Exercise data Block Start
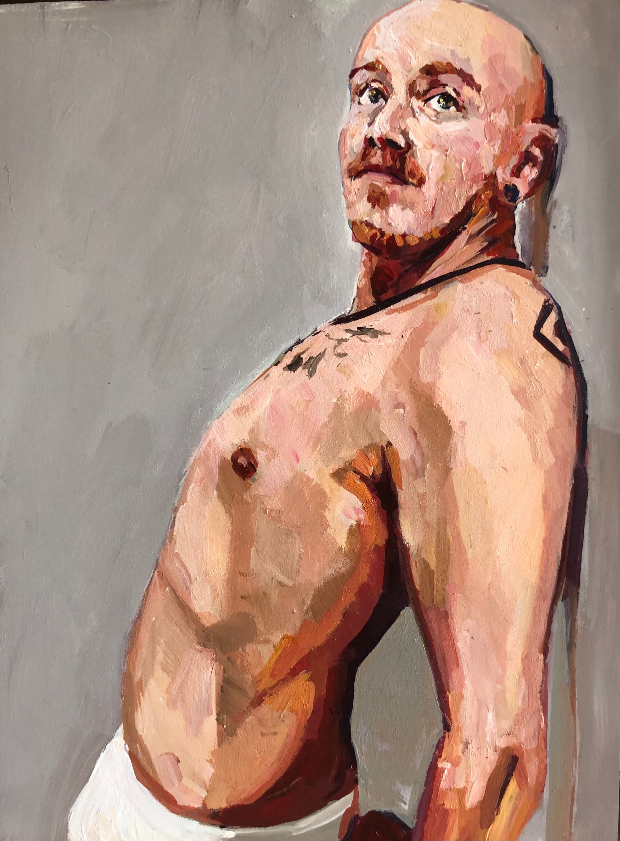 Acrylic painting on board Portrait of a young gay man head, shoulders and torso, tside on wearing white underwear 23cm x 30cm unframed
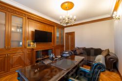Одна из комнат оформлена под кабинет: вся мебель изготовлена на заказ из дуба, в шкафу есть вместительный сейф.
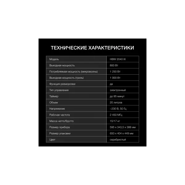 | Режимы | автоматическая разморозка, автоматический разогрев, гриль |
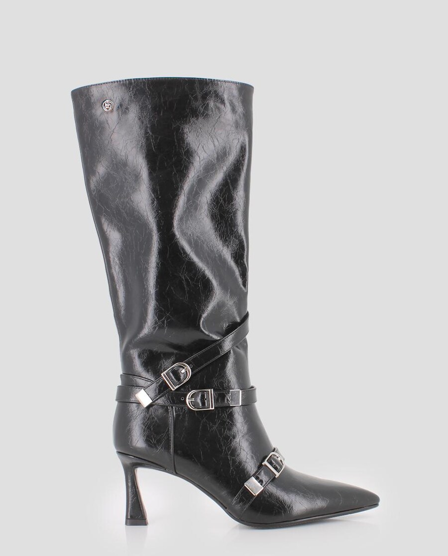 Botas de cano alto em pele sintética texturizada com tacão fino e fivela decorativa.
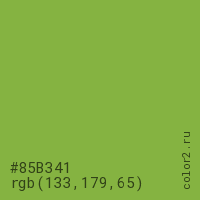 Цвет #85B341 в цветовой модели RGB обозначается тремя октетами (133, 179, 65) в десятичном формате и #85B341 в шестнадцатиричном (hex) формате, которые являются интенсивностью красного 133 (hex 85), интенсивность зелёного 179 (hex B3) и интенсивность синего 65 (hex 41).
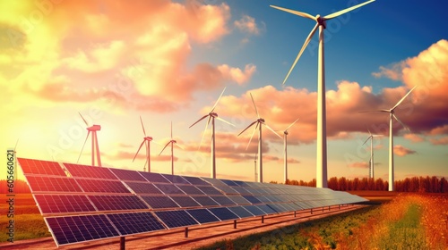 wind turbine and solar panels, ai generative
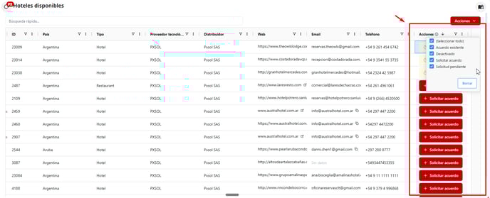 Acciones: permite gestionar acuerdos directos con el hotel y consultar su estado.
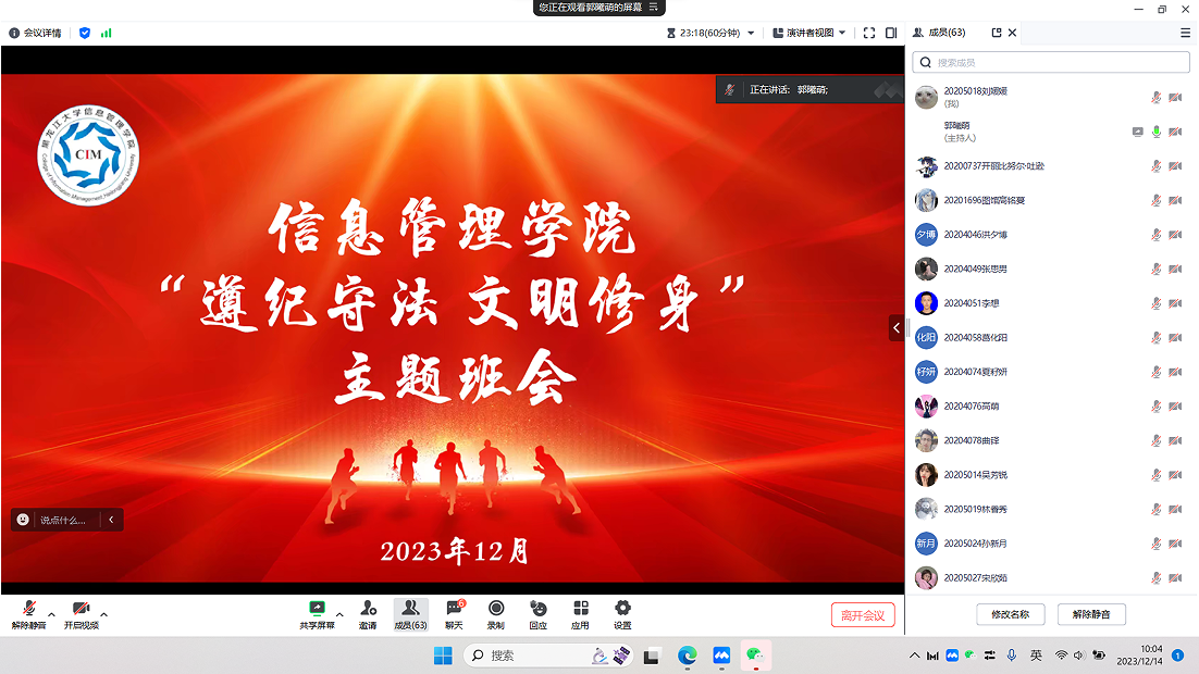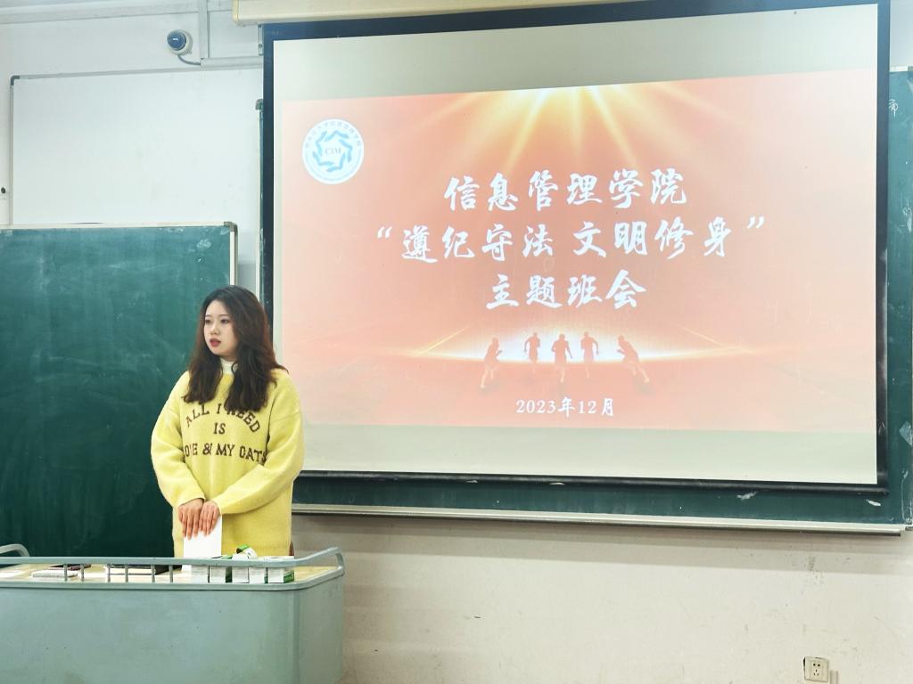 法不可违,纪不可改。本次“遵纪守法 文明修身”主题班会既是一次深入的思想教育,同时也是对《黑龙江大学学生管理规定》(2023年9月修订)一次深入的学习。希望信管学子们通过本次主题班会,坚持贯彻“遵纪守法,文明修身”的理念,以高尚的品格斩除万难,以良好的素质奋进新的未来。(华体会官方网页版供稿)
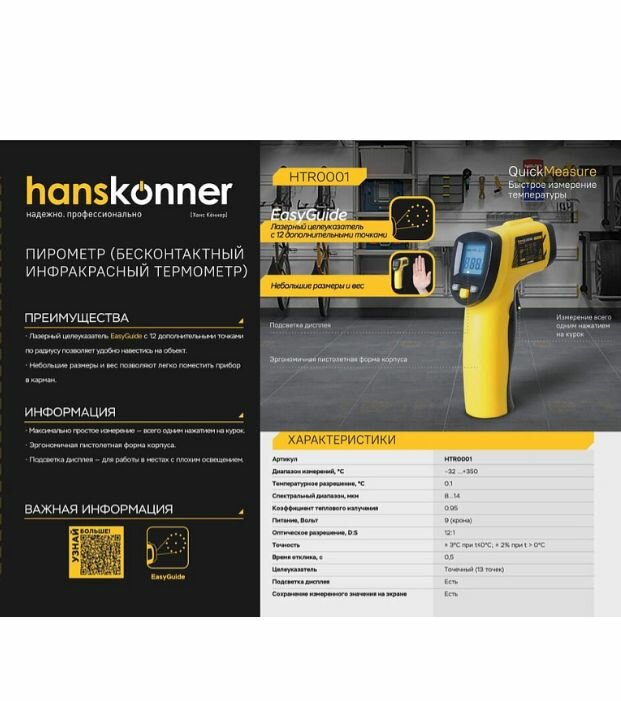 Пирометр Hanskonner HTR0001 (диапозон измерений -32.+350гр, точность +/-2гр, 140*80*38мм) информация:
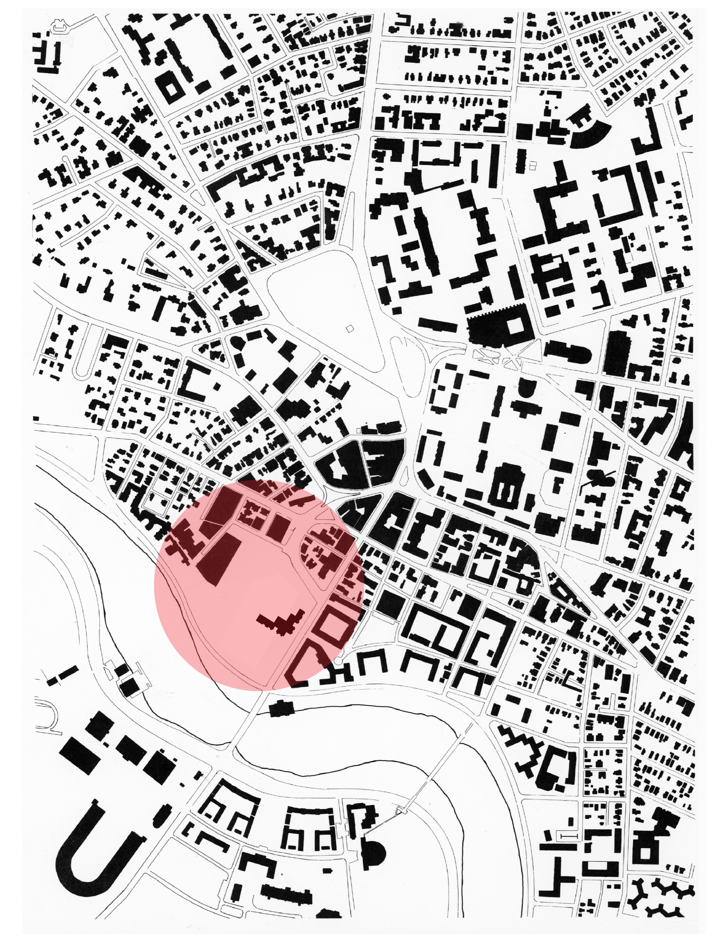 The second project issued was the figure/ground plan of the city of Cambridge, Massachusetts, USA and ran around 12 weeks. The area in red was the given site. We were also asked to incorporate the Harvard Kennedy School building into our designs. The aerial view is from 1974 and doesn’t show the Harvard Kennedy School.
Exercise data Block End
● **Problem statement**
Start at the line that contains "Botas de cano" and retype every line through the end of the entries above, both ends included. Exclude all pictures.

● **Response to the exercise**
 Botas de cano alto em pele sintética texturizada com tacão fino e fivela decorativa.
 Цвет #85B341 в цветовой модели RGB обозначается тремя октетами (133, 179, 65) в десятичном формате и #85B341 в шестнадцатиричном (hex) формате, которые являются интенсивностью красного 133 (hex 85), интенсивность зелёного 179 (hex B3) и интенсивность синего 65 (hex 41).
 wind turbine and solar panels, ai generative
 Acciones: permite gestionar acuerdos directos con el hotel y consultar su estado.
 法不可违,纪不可改。本次“遵纪守法 文明修身”主题班会既是一次深入的思想教育,同时也是对《黑龙江大学学生管理规定》(2023年9月修订)一次深入的学习。希望信管学子们通过本次主题班会,坚持贯彻“遵纪守法,文明修身”的理念,以高尚的品格斩除万难,以良好的素质奋进新的未来。(华体会官方网页版供稿)
 Пирометр Hanskonner HTR0001 (диапозон измерений -32.+350гр, точность +/-2гр, 140*80*38мм) информация:
 The second project issued was the figure/ground plan of the city of Cambridge, Massachusetts, USA and ran around 12 weeks. The area in red was the given site. We were also asked to incorporate the Harvard Kennedy School building into our designs. The aerial view is from 1974 and doesn’t show the Harvard Kennedy School.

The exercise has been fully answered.